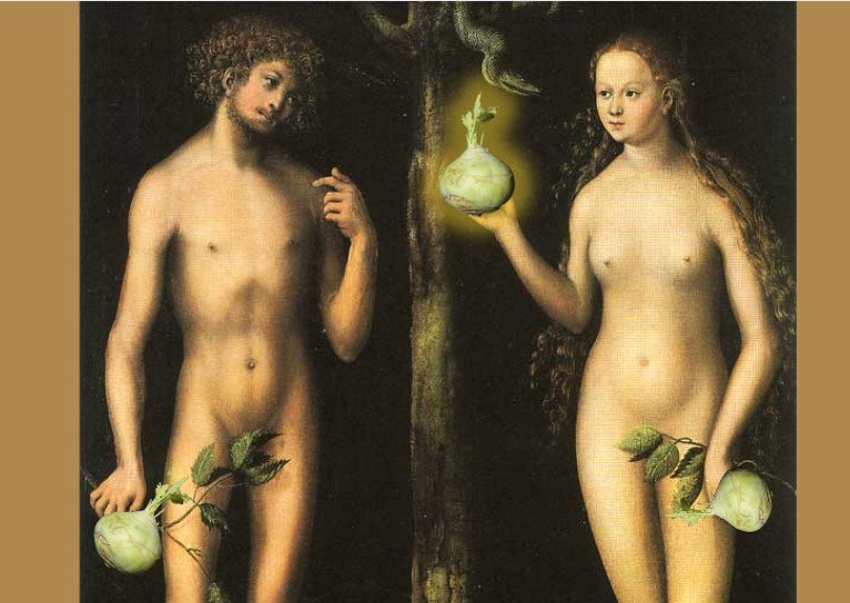 W mediach zawrzało. Amerykańska korporacja usilnie próbuje zastrzec prawa intelektualne do wizerunku jabłka. Autorzy Księgi Rodzaju nie pozostają obojętni: by uniknąć problemów, postanowili dokonać kilku poprawek i zamienić owoc, który skusił Ewę z jabłka na kalarepę.
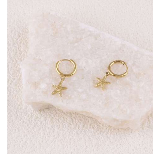 Boucles d'oreilles type créoles avec fermoir à charnière en acier inoxydable composées d'une étoile du Nord.
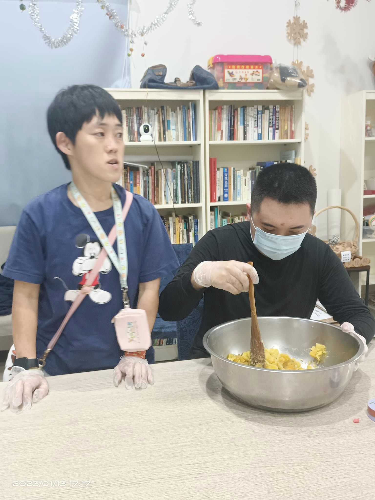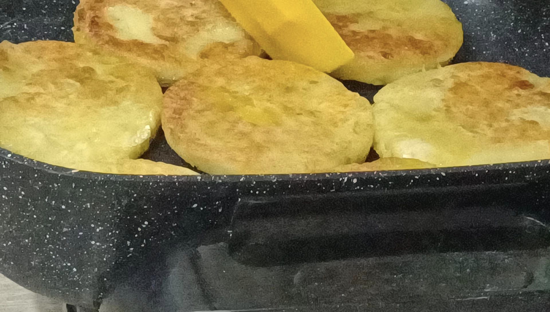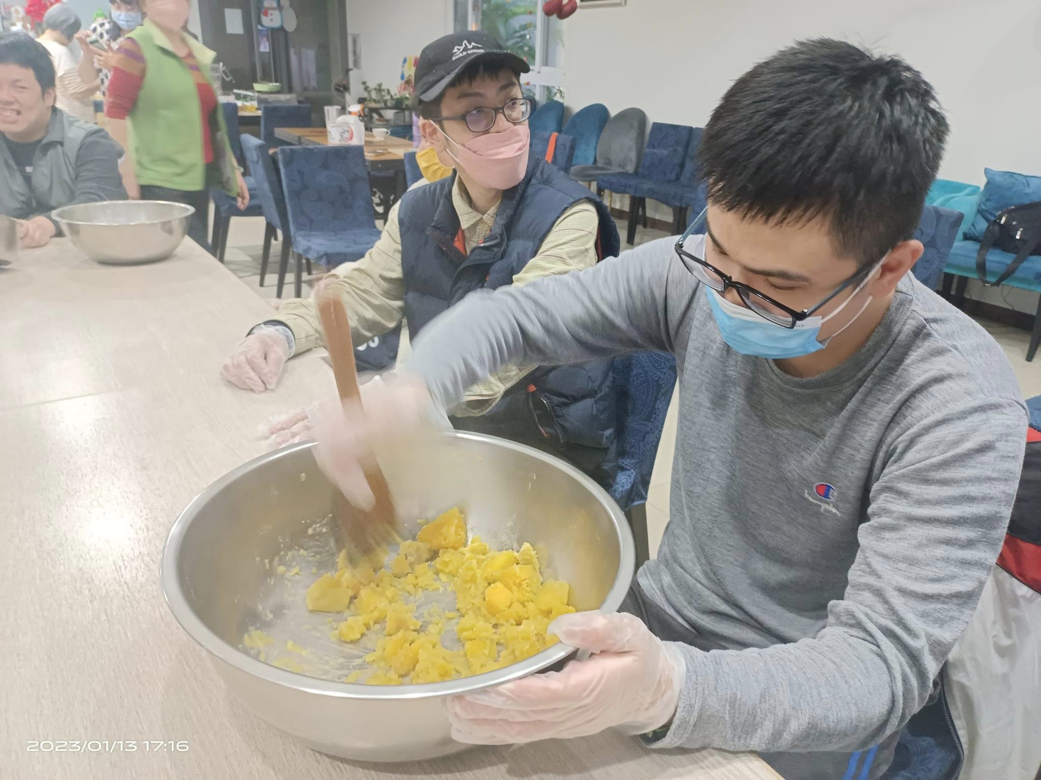 週五傍晚,龍潭肯納家園食藝課,花花老師帶著孩子們做點心:先把地瓜蒸熟,大家合力搗碎成地瓜泥,加些糯米粉,和一和丶揉一揉,慢慢就變成麵糰;拍扁後,用模型壓成一個個圓形,放到鍋子煎一煎,金黃可口的地瓜煎餅上桌了!
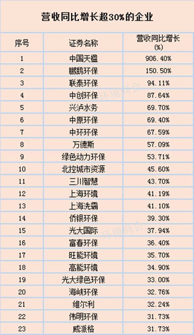 從營收增速來看,2019年,上市公司平均增速為22%,較2018年上升8%。營收增速30%以上的企業(yè)23家,與2018年基本持平,中國天楹、鵬鷂環(huán)保、興瀘水務、中環(huán)環(huán)保、高能環(huán)境、維爾利、萬德斯、威派格等都在高增長之列。其中,中國天楹實現(xiàn)營收186億,同比增長906%,位居營收增速榜首,這與其斥巨資吞下江蘇德展,打開海外市場有關。
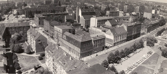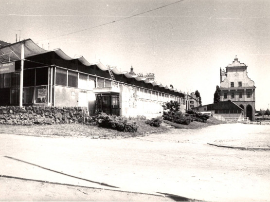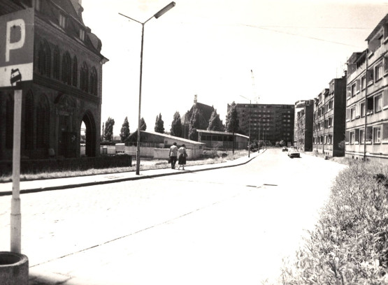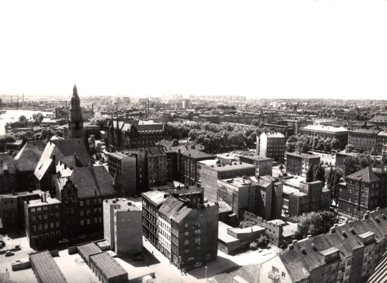 Ratusz Miejski, a w tle nieistniejący już dziś hotel Arkona:
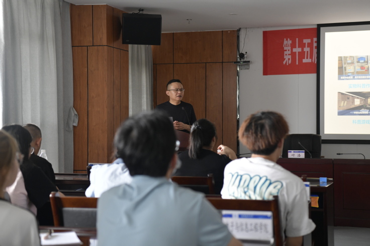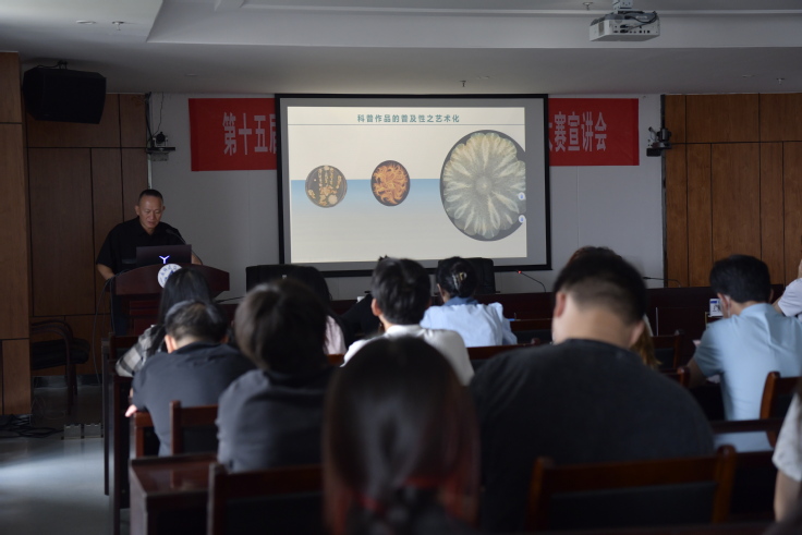 叶浩对本次“双百”大赛的赛事内容和创作要求进行了系统讲解,并为同学们从科普作品的分类、选题方向进行了详细解读。张燕翔从作品创意设计的思路和方法,针对不同类别的参赛作品进行了创作指导,向同学们详细介绍了往届优秀获奖作品的亮点分析。在展示往届大赛获奖作品的环节,会议的气氛瞬间变得热烈而专注,学生们的目光被一件件创意十足、设计精良的作品深深吸引。在宣讲会现场互动提问环节,学生踊跃提问,叶浩、张燕翔从作品选题、创作思路、作品表现形式等方面一一作答,与我校学生亲切交流,加深了广大师生对大赛的理解,为校内科普创新的氛围营造起到了积极的推动作用。
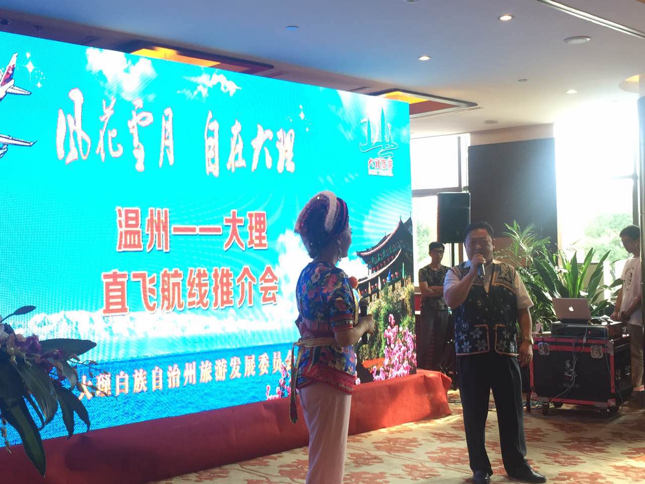 大理州旅游發(fā)展委員會(huì)副主任馬金鐘為溫州人民唱響“大理三月好風(fēng)光”▲
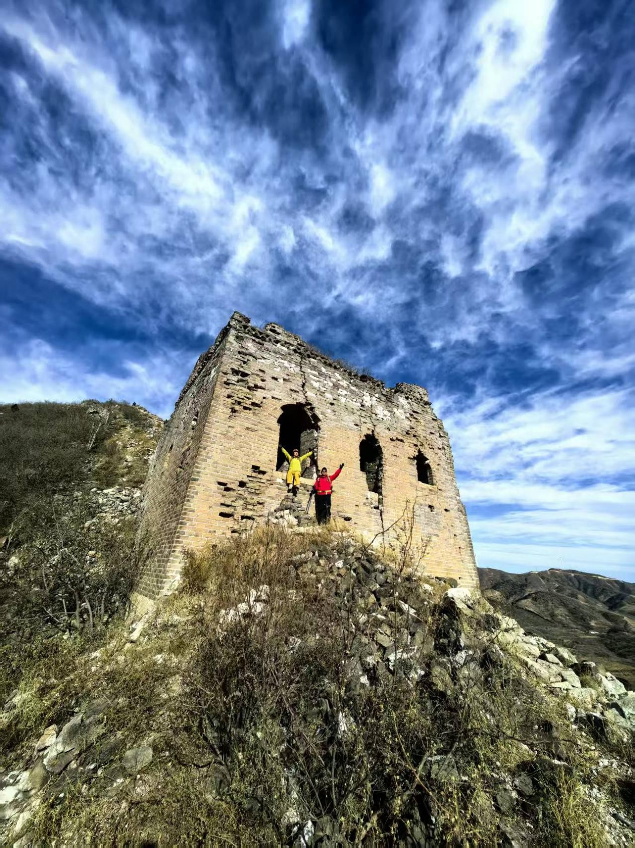 不同于往日穿越的奇峰险隘、陡坡峻岭,这里的山势平缓无奇,长城两侧也无茂密森林掩映。受1976年唐山大地震影响,城墙多处坍塌成碎石堆,敌楼的券门残破、垛口残缺,墙体上还留着裂缝与风化的痕迹,但这丝毫未减驴友们的兴致——只因遇上了这般风轻云淡的好天气,连空气都透着清冽的干爽。
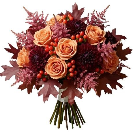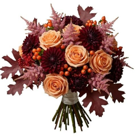 Its blend of vibrant autumn flowers in deep reds, oranges, and golden yellows, paired with the natural texture of berries, creates a striking display that captures the cozy, festive spirit of the season. This bouquet is more than just a decoration — it's a way to bring the essence of fall indoors, creating a welcoming atmosphere that will be treasured throughout the season. The Rustic Elegance Bouquet is the ideal gift for a loved one or a beautiful way to celebrate autumn in your own home.
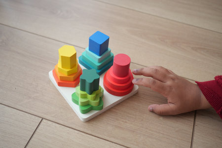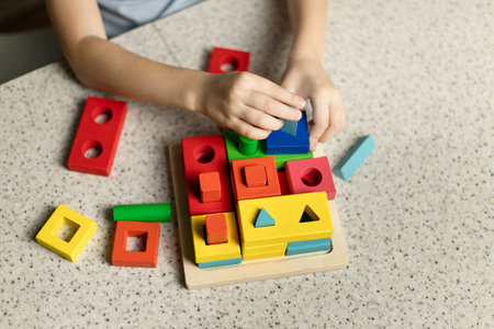 close-up of a toddler's hands playing with colorful wooden blocks on a tray, learning shapes and colors in natural light
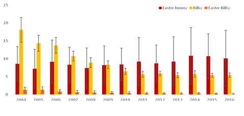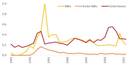 Along the way, much has been written about the potential success or failure of the Easter Bilby as a marketing strategy to support conservation of Australian native species, and its potential to replace the Easter bunny in the long term (Faithfull, 2000; Smith, 2006; Garnett and Kessing, 2001). Yet, these discussions have at best been based on anecdotal data. To gain a more systematic insight into this issue, I aimed to measure over time how the value of the Easter Bilby has changed, in particular compared to its rival, the Easter bunny.
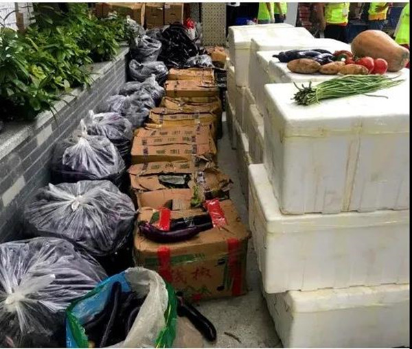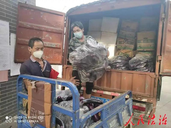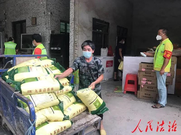 6月12日下午15時許,一輛載滿大米、雞蛋、南瓜、茄瓜等農(nóng)產(chǎn)品的貨車到達廣州環(huán)城高速公路入口,與早已在此等候的廣州封控區(qū)工作人員匯合,在警車的帶領(lǐng)下,把物資送到荔灣區(qū)中南街道海中村,由群防共治小組分派到居民家中。
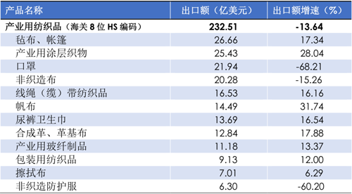 表2 2022年1~6月產業用紡織品行業及主要產品出口情況
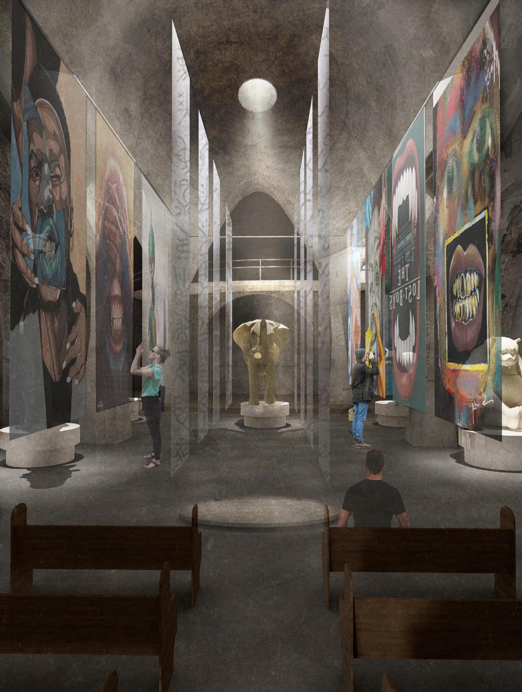 2The display window of the cross-arched doorway emphasizes the sense of order and unity of the sculpture exhibition space, which contrasts with the gallery space of artistic freedom.
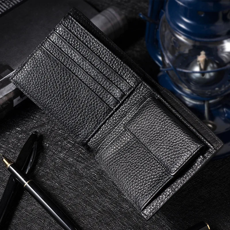 This stylish VM KISS Leather Short Wallet is perfect for men. It is small in size and can hold money and cards securely. Made with high-quality leather, it is durable and long-lasting.
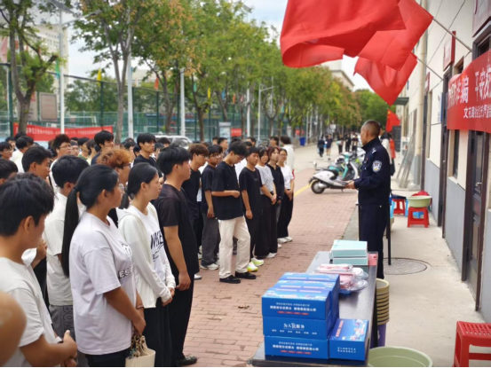 活动中,派出所民警汤其彬警官结合案例给同学们进行了“防诈”专题教育,和文苑路社区工作人员一起为学生精心准备了纪念品,鼓励学生学习、传播防骗知识。活动现场,志愿者引导领取资料和互动,营造活跃宣传氛围。
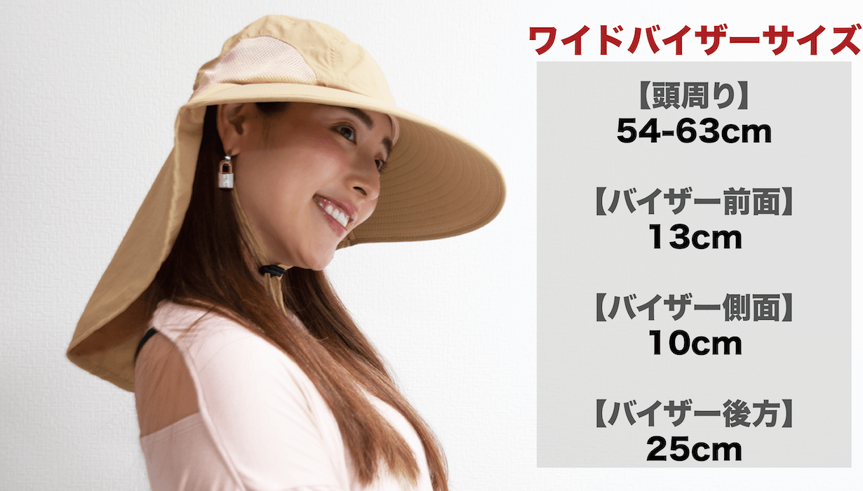 これまでの帽子の常識を覆す超ビッグサイズの作りとなっています。これにより後頭部から首筋までまるまる紫外線をカバーします。
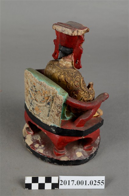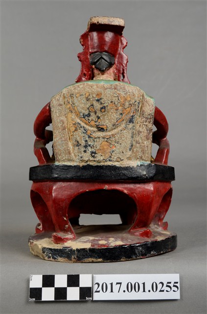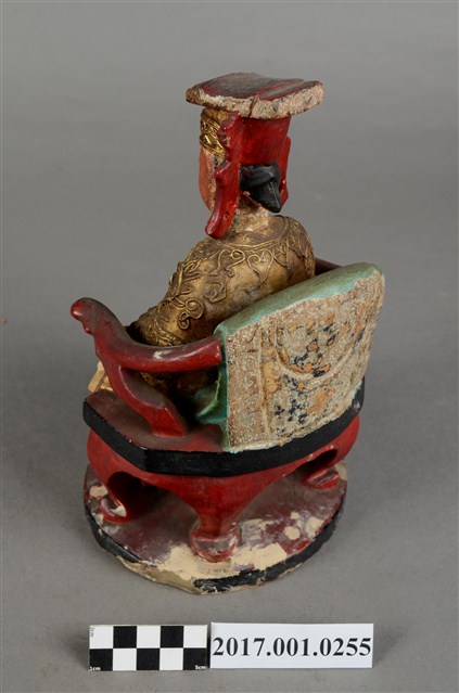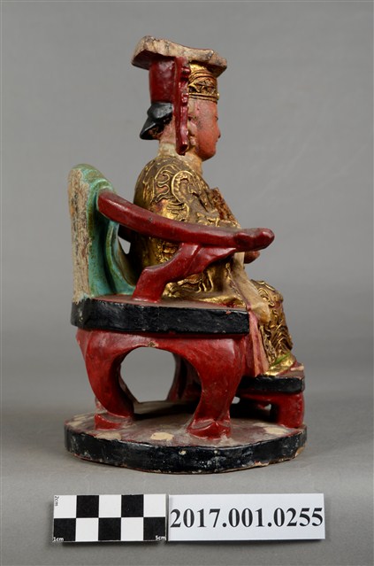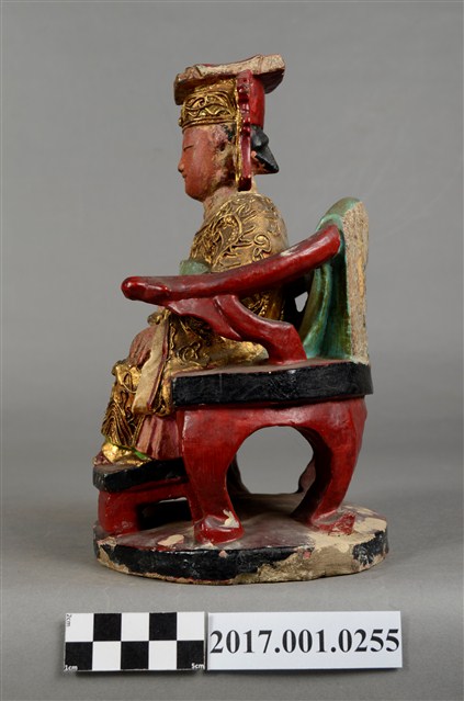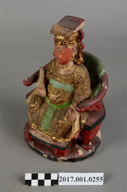 1.本件天上聖母像為木雕製成,表面以安金粉線彩繪粧佛。媽祖臉色粉嫩,五官以彩繪強調,雙目垂視,帶有淺淺微笑,神態慈祥。頭戴冕冠,以粉線描繪裝飾,耳旁飾有鳳翅。身穿蟒袍,以粉線勾勒全身紋樣,腰束腰帶,胸前有看帶,兩膝間垂蔽膝,腰帶、看帶及蔽膝作綠色。右手持笏,左手輕放於左膝上。神像作如意體,端坐於朱紅色圈背椅,雙足踏於踏几上,蟒袍的蟒紋以粉線彩繪飾成。
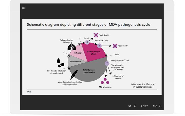 This eLearning course, designed in collaboration with subject matter experts in the MDV WOAH reference laboratory at Pirbright, is intended to broaden participants’ understanding of MD, and the virus which causes it. The course specifically focuses on information that would be useful for vets or laboratory staff undertaking laboratory diagnostic testing for MDV.
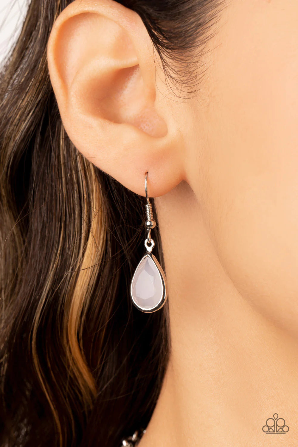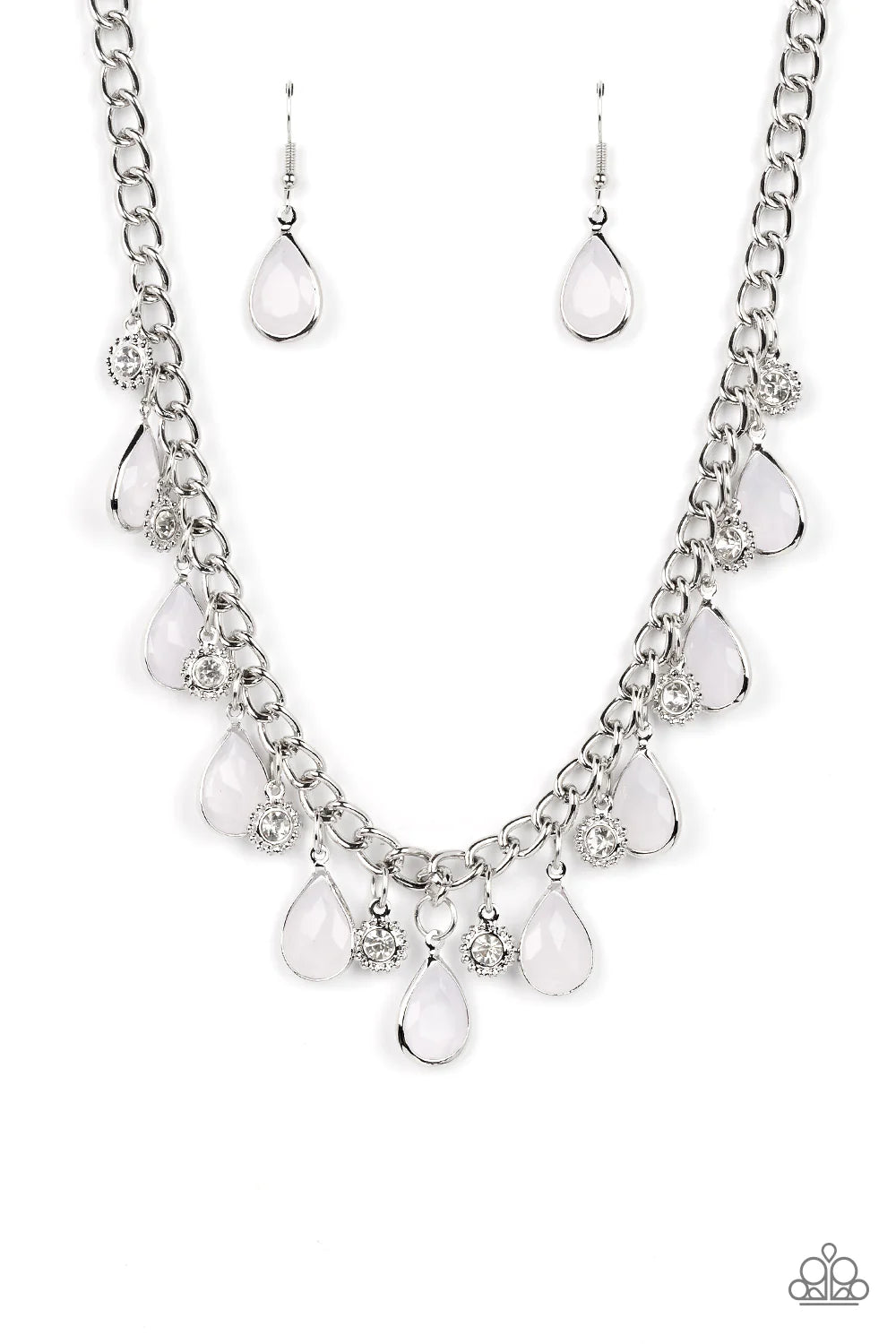 A thick silver chain is decorated in white faceted teardrops wrapped in silver frames. The opacity of the beads adds a dreamy feel to the design, while tiny silver accents dotted with white rhinestone centers add a hint of shimmer. Features an adjustable clasp closure.

## Task goal
Leave the pictures out. Output, exactly, the lines of the material above starting at the line containing "Ratusz Miejski, a" and ending at the line containing "2The display window".

## Answer for this exercise
 Ratusz Miejski, a w tle nieistniejący już dziś hotel Arkona:
 叶浩对本次“双百”大赛的赛事内容和创作要求进行了系统讲解,并为同学们从科普作品的分类、选题方向进行了详细解读。张燕翔从作品创意设计的思路和方法,针对不同类别的参赛作品进行了创作指导,向同学们详细介绍了往届优秀获奖作品的亮点分析。在展示往届大赛获奖作品的环节,会议的气氛瞬间变得热烈而专注,学生们的目光被一件件创意十足、设计精良的作品深深吸引。在宣讲会现场互动提问环节,学生踊跃提问,叶浩、张燕翔从作品选题、创作思路、作品表现形式等方面一一作答,与我校学生亲切交流,加深了广大师生对大赛的理解,为校内科普创新的氛围营造起到了积极的推动作用。
 大理州旅游發(fā)展委員會(huì)副主任馬金鐘為溫州人民唱響“大理三月好風(fēng)光”▲
 不同于往日穿越的奇峰险隘、陡坡峻岭,这里的山势平缓无奇,长城两侧也无茂密森林掩映。受1976年唐山大地震影响,城墙多处坍塌成碎石堆,敌楼的券门残破、垛口残缺,墙体上还留着裂缝与风化的痕迹,但这丝毫未减驴友们的兴致——只因遇上了这般风轻云淡的好天气,连空气都透着清冽的干爽。
 Its blend of vibrant autumn flowers in deep reds, oranges, and golden yellows, paired with the natural texture of berries, creates a striking display that captures the cozy, festive spirit of the season. This bouquet is more than just a decoration — it's a way to bring the essence of fall indoors, creating a welcoming atmosphere that will be treasured throughout the season. The Rustic Elegance Bouquet is the ideal gift for a loved one or a beautiful way to celebrate autumn in your own home.
 close-up of a toddler's hands playing with colorful wooden blocks on a tray, learning shapes and colors in natural light
 Along the way, much has been written about the potential success or failure of the Easter Bilby as a marketing strategy to support conservation of Australian native species, and its potential to replace the Easter bunny in the long term (Faithfull, 2000; Smith, 2006; Garnett and Kessing, 2001). Yet, these discussions have at best been based on anecdotal data. To gain a more systematic insight into this issue, I aimed to measure over time how the value of the Easter Bilby has changed, in particular compared to its rival, the Easter bunny.
 6月12日下午15時許,一輛載滿大米、雞蛋、南瓜、茄瓜等農(nóng)產(chǎn)品的貨車到達廣州環(huán)城高速公路入口,與早已在此等候的廣州封控區(qū)工作人員匯合,在警車的帶領(lǐng)下,把物資送到荔灣區(qū)中南街道海中村,由群防共治小組分派到居民家中。
 表2 2022年1~6月產業用紡織品行業及主要產品出口情況
 2The display window of the cross-arched doorway emphasizes the sense of order and unity of the sculpture exhibition space, which contrasts with the gallery space of artistic freedom.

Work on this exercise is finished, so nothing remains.